[논문리뷰] Gradient-based learning applied to document recognition
LeNet-5는 처음으로 convolutional neural network (CNN)을 제안한 모델입니다. LeNet 모델에 관련하여 필자가 보기 쉽도록 정리하였습니다. (문법적인 오류가 있을 수 있습니다.)
가장 마지막에는, LeNet을 보완한 AlexNet에 대한 영문 요약을 작성하였습니다.
This paper addresses that gradient-based, automatic learning can result in better pattern recognition. The two examples are presented: character recognition and document understanding.
Introduction
- Main message: better pattern recognition system can be built by relying more on automatic learning and less on hand-designed heuristics. → 패턴 인식 시스템은 automatic learning에 더 의존하도록 만들어져야 한다.
- Due to low-cost machines, large databases and powerful machine learning techniques, the accuracy of handwriting and speech recognition has been increased. Usually, the recognition process is performed with two modules: feature extractor and classifier. The researchers used gradient-based learning and back propagation for the recognition tasks, relying on raw inputs. (전통적인 패턴 인식 모델은 hand-designed feature extractor가 적절한 정보를 수집하고, trainable classifier를 사용하여 분류해왔다.)
Convolutional Neural Networks for Isolated Character Recognition
- Some problems may occur when we use ordinary fully connected feedforward network: many parameters and memory requirement, and limitations in capturing local correlations.
- ordinary fully connected feedforward network는 수천 개의 trainable parameter를 생성하기 때문에 training set도 더 커지고 memory도 많이 필요하다.
- input의 topology, 즉 image에서는 픽셀들 간 상관관계를 무시할 수 있다.
- Therefore, convolutional network was devised to capture variability by local receptive fields (local feature), shared weights, and spatial or temporal subsampling.
-
local receptive fields: local feature을 추출한다. local receptive field을 사용하여 기초적인 feature (ex edge, conner, end-points)를 추출할 수 있다. → shift, distortion이 있어도 feature을 추출할 수 있으며, 그 결과로 feature map이 생성된다. 또한, parameter size도 줄어든다.
- shared weights: feature map의 모든 units는 shared weights and bias를 가진다. 따라서, input의 위치에 상관없이 동일한 특징을 추출해낼 수 있다. (shift에 robust) 동일한 weight과 bias를 사용하기 때문에 parameter로 인한 memory 증가도 없으며, parameter이 너무 많아지지 않아 overfitting도 방지할 수 있다.

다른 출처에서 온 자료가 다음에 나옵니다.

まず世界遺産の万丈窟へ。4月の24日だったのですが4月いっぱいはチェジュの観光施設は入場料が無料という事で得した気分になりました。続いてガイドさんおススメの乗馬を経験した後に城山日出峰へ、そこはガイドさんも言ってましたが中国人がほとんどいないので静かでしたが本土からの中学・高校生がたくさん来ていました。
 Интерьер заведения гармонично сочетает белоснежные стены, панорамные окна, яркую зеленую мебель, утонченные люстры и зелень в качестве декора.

- spatial or temporal subsampling: 각 특징의 정확한 위치는 중요하지 않다. (오히려 이미지마다 위치가 달라 정확도가 감소할 수 있다.) 따라서 subsampling을 통해 해당 feature을 가졌는지만 평가한다. → 위치 정보를 사용하지 않음으로 생기는 손실은 많은 filter의 수를 늘리고 다양한 feature를 추출하여 해결할 수 있다. (이 때, subsampling은 지금의 mean pooling과 동일한 개념이다.)

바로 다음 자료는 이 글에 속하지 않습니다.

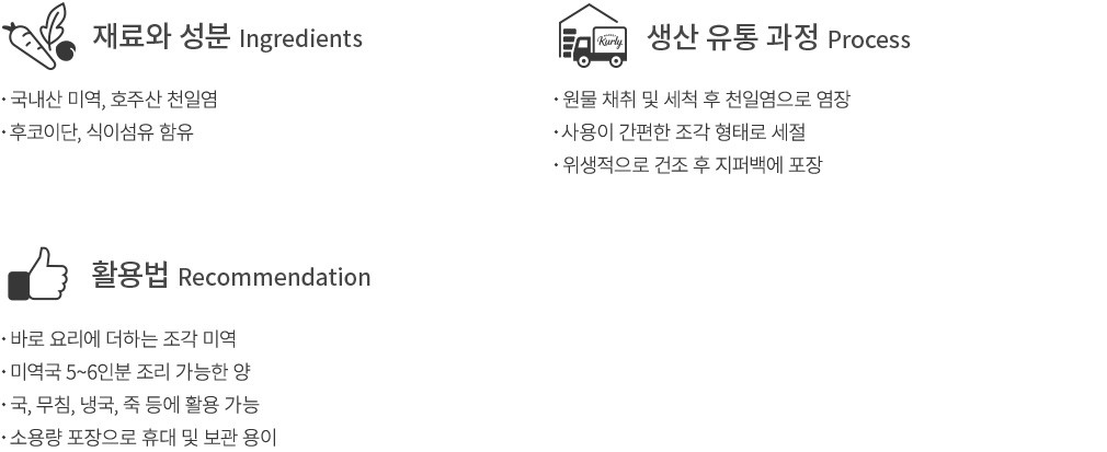구입 전 참고하세요 ・미역을 잘게 잘라서 건조한 제품으로, 별도로 불리는 과정 없이 씻거나 끓이면 먹기 좋은 크기로 불어납니다.
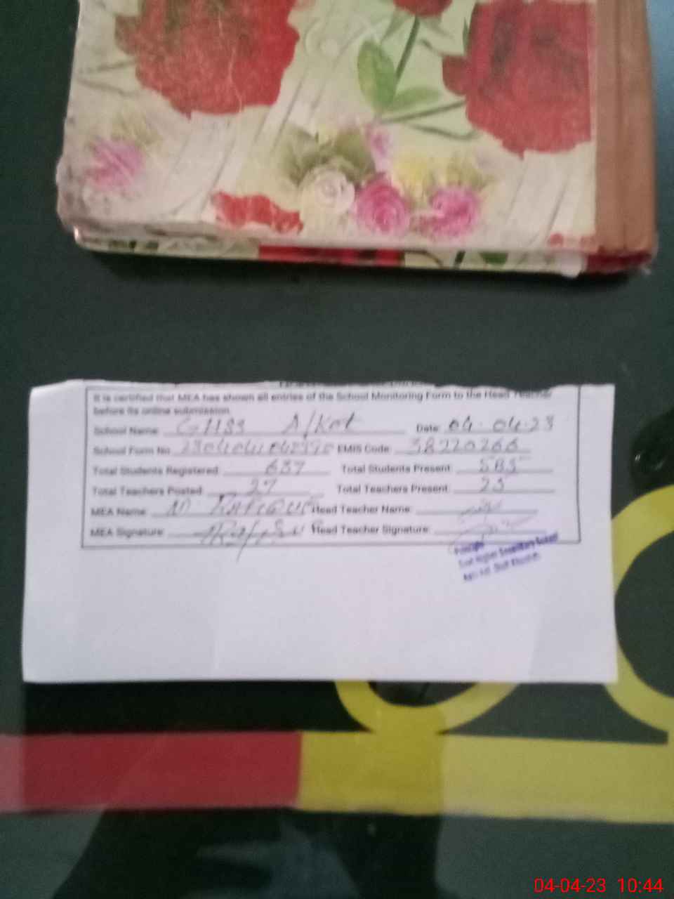 | Attendance Register | Head Teacher | MEA with School | Visit Proof |
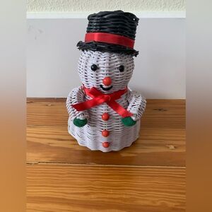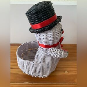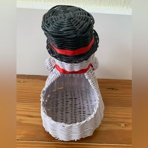 Lightly used. Snowman holiday/Christmas basket. Great for holding/displaying candy canes. Measurements included.
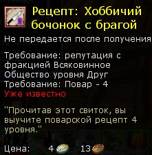 - Повара могут купить у фракции рецепты и изготавливать по ним предметы, которые обмениваются на репутацию.
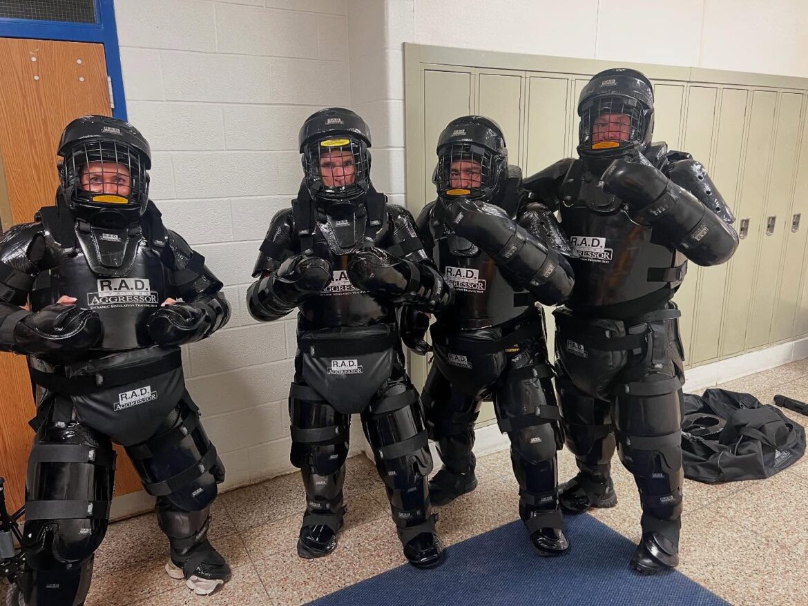Our tussle with Officer Gavdanovich and her fellow instructors took place on “Simulation Night,” the final session of the four-part course. Each class runs three hours and includes lots of repetitive drills—cue the sighs and eye rolls from my teenager. She and her siblings have endured my personal safety lectures since they were toddlers. Perhaps she was annoyed to hear the instructors validate Mom’s “paranoid” ramblings: Check around your car before you get in… Don’t look at your phone while walking… Eyes and ears open… Stay in a group…

여기서, mean pooling은 중요한 feature을 blur할 수 있기 때문에 max pooling을 적용하는 것이 더 좋은 방안일 수 있다. (이는 이후 AlexNet에 적용되었다.)
-
-
Subsequently, LeNet-5 was suggested for the pattern recognition task. LeNet-5의 구조는 다음과 같다.
- The model comprises of input with 32*32 pixel image and seven layers with trainable weights. The input pixels are normalized to have mean of zero and variance of one.

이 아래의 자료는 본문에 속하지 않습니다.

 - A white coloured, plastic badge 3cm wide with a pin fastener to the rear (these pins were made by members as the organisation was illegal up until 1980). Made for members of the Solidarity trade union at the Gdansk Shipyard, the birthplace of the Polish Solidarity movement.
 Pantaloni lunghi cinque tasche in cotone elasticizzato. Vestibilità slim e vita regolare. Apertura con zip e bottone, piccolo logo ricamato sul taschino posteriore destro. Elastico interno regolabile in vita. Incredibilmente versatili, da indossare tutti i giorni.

- 이 때, 실제 이미지는 2828의 크기를 가지나, 중앙 부분으로 이미지를 옮겨, feature를 더 잘 뽑기 위해 3232 사이즈로 만들었다. (padding을 하는 것과 유사)
- The seven layers are in the following sequences: [C1 - S2 - C3 - S4 - C5 - FC - FC]
- convolutional layer (C1): 5*5 size (stride=1)인 6개의 kernels
- (nonoverlapping) subsampling (mean pooling) layer (S2): 2*2 size인 6개의 kernels (strides=2) (then sigmoid function)
여기서, sigmoid는 vanishing gradient 문제를 야기할 수 있으므로 ReLU function을 사용하는 것이 더 좋은 방안일 수 있다. (AlexNet에 적용되었다.)
-
convolutional layer (with noncomplete connection from S2) (C3): 5*5 size (stride=1)인 16개 kernels
- S2와 C3의 모든 feature map이 각각 연결되지 않은 이유는, 1) to keep the number of connections within reasonable bound (숫자 제한), 2) to force a break of symmetry in the network (서로 다른 입력값을 통해 서로 다른 feature을 추출하여 상호보완적으로 사용할 수 있음)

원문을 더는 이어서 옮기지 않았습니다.